Description of problem: The general use case is for administrator that need to go onside to clients to install/setup Fedora/RHEL. The idea in steps 1. Administrators creates an install usb key with persistent storage 2. Administrator creates and copy's the kick start file(s) to the persistent storage space on the usb key. 3. Administrator goes on site and boots into the installer. 4. Anaconda reads the content of the relevant persistent storage space and offers the administrator to choose kickstart file to install from withing the UI. Although not tested I assume this works already with "ks" from the kernel command line with either ks=file:<path> or ks=hd:<dev>:<path> Version-Release number of selected component (if applicable): How reproducible: Steps to Reproduce: 1. 2. 3. Actual results: Expected results: Additional info:
*** Bug 876032 has been marked as a duplicate of this bug. ***
will this work with f18 Anaconda Beta DVD? Has anyone written a wiki page on how to do this?

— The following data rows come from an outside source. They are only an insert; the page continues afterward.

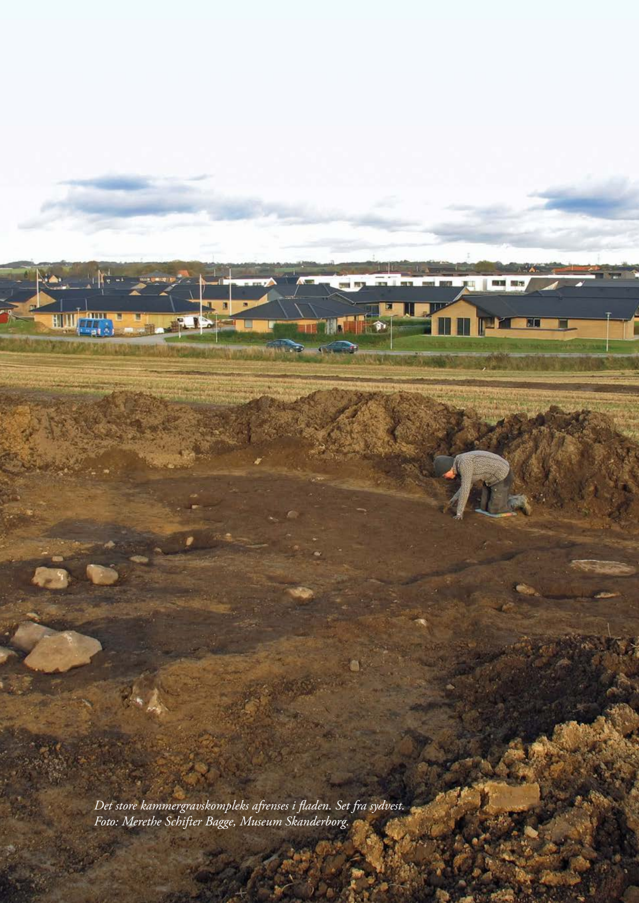
Det store kammergravskompleks afrensning i fladen. Set fra sydvest.
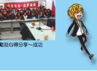
優勝獎勵及心得分享~成功
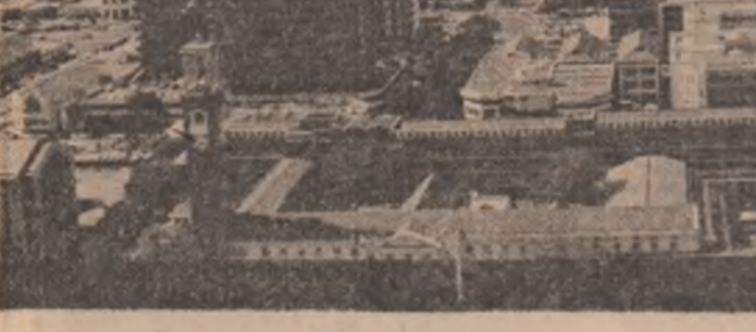
Construcții moderne în capitala Kenyei, orașul Nairobi

LIMA 16 (Agerpres) - În capitala Perului se desfășoară lucrările unei conferințe consacrate examinării problemelor dezarmării regionale. În cadrul dezbaterilor s-a subliniat necesitatea reducerii cheltuielilor destinate înarmării și folosirea mijloacelor financiare astfel eliberate pentru dezvoltarea economică a Americii Latine.
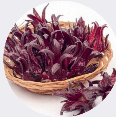
Flor de Jamaica Entera
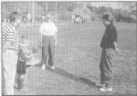
Gratulovali starosta obce, prezident klubu i zástupci žákovského týmu....

Po stavbě jsem už závodně fotbal nikdy nehrál. Tím to skončilo. Zahrají si občas za "staré pány", co se tady na hřišti scházíme, ale jinak od té doby pracuji s mládeží. Synové mi začali hrát fotbal, tak jsem trénoval mladší žáky, starší žáky, a už jsem u toho zůstal.
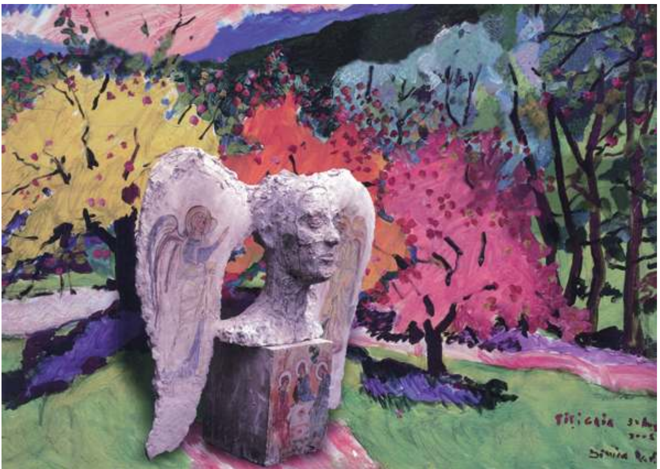
Îngeri în peisaj
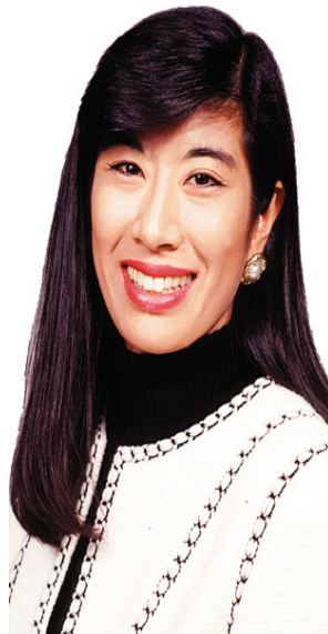
Andrea Jungchief executive of Avon
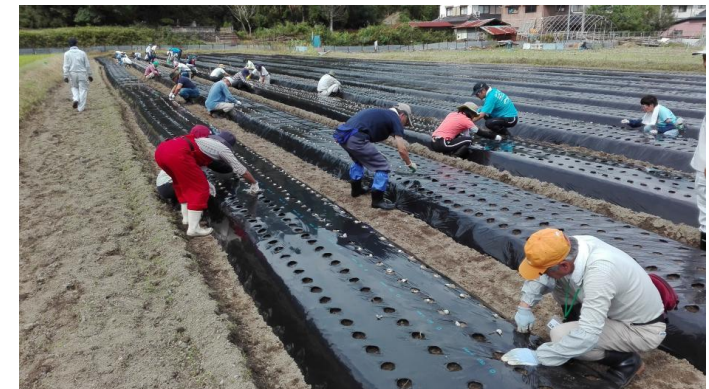
都市住民による農村ボランティア活動
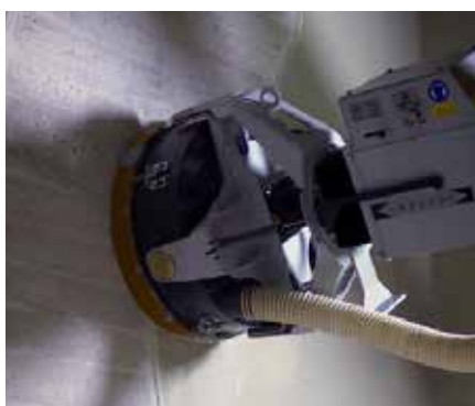
Skånsom sliping som ikke skader byggningskonstruksjonen

Any idea when this will happen? At this point it would make sense to just dump floppy support and substitute usb keys.
ks deployment from arbitrary mountable block devices is already supposed to work: see https://fedoraproject.org/wiki/Anaconda_Boot_Options#ks , "ks=hd:<dev>:<path> (dev = 'hda1', for example)".
(In reply to Adam Williamson from comment #4) > ks deployment from arbitrary mountable block devices is already supposed to > work: see https://fedoraproject.org/wiki/Anaconda_Boot_Options#ks , > "ks=hd:<dev>:<path> (dev = 'hda1', for example)". It seems to work with recent images: I have a thumb drive which is mounted as sdb4 which had a partial kickstart file ks.cfg, so I booted the 19 Final TC2 i386 DVD in a VirtualBox guest, using "inst.ks=hd:sdb4:/ks.cfg". The resulting behavior is exactly the same as that noted in bug 972265 and bug 972266, so it appears to work the same as if the kickstart file was downloaded. (It did NOT work when I booted the F18 DVD, so the support must be more recent.) Note that most thumb drives are mounted as sdb1, mine was sdb4 due to being reformatted for USB-ZIP compatibility.
You should also be able to use the UUID or LABEL so that you don't need to know what device it showed up as.